I'm thinking not on the repro. It's a bit of an odd size, smaller in dia w/a nut on the bottom. I would solder a replacement under the chassis. Or if you happen to get out to any large radio swap keep your eyes peeled for one the correct size. Other manufacturers used similar sized ones so it could be possible to find one on a non Philco chassis.
To keep things simple you can replace both caps w/10mfd @ 450v.
Which version do you have table or chairside??

Happy hunting!

When my pals were reading comic books
I was down in the basement in my dad's
workshop. Perusing his Sam's Photofoacts
Vol 1-50 admiring the old set and trying to
figure out what all those squiggly meant.
Circa 1966
Now I think I've got!

Terry
#3

I've made several fake cans for radios that are missing their can caps. I've usually been able to find PVC pipe about the right diameter and cut it off the right length. Any fairly stiff flat plastic will do for a top. Just cut it as perfectly round as you can, glue it to the top, and finish it with sandpaper, a file, an Xacto or whatever it takes.

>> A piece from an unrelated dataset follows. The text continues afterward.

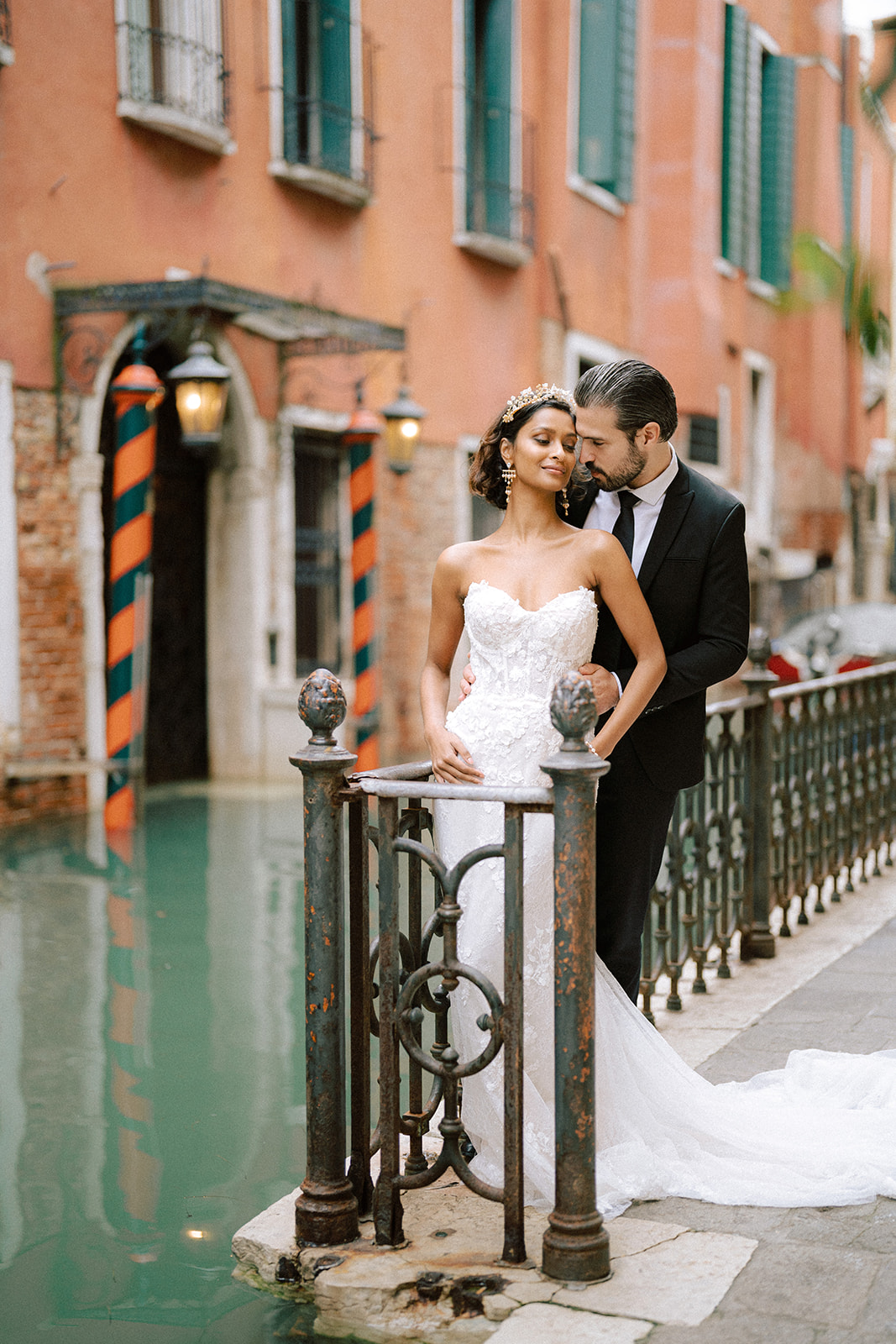 Le marié trouve ici une place esthétique forte, élégante, assumée — en harmonie totale avec le stylisme de la mariée.

Spray it with aluminum paint from the hardware store.

Some of the guys at my local ACE hardware store are interested in my radio projects, so they're willing to cut the PVC for me from scrap and sell me just the short piece I need. Their cut is straighter than one I could make with a hand saw.

If you are trying to fake one with the large nut on the bottom, you could just glue the painted fake cap to the chassis. If you don't want to glue it to the chassis, maybe you could glue some concentric PVC pipe pieces into the bottom side to reduce the diameter (below the chassis where it won't be seen) and then glue in a bolt so it would be like the orignal. With washers and a nut, you can probably find a way to hold it in.

The fake capacitors I've made have been realistic enough to pass a casual inspection. I've usually put the replacement electrolytic inside the fake can, but you could just mount it underneath, like Terry said.

Unfortunately the slender, single value caps that Philco used just before the war had a rolled perimeter around the top, so putting a flat top on, like I did, wouldn't look exactly right. It might be better than to have an empty hole, though.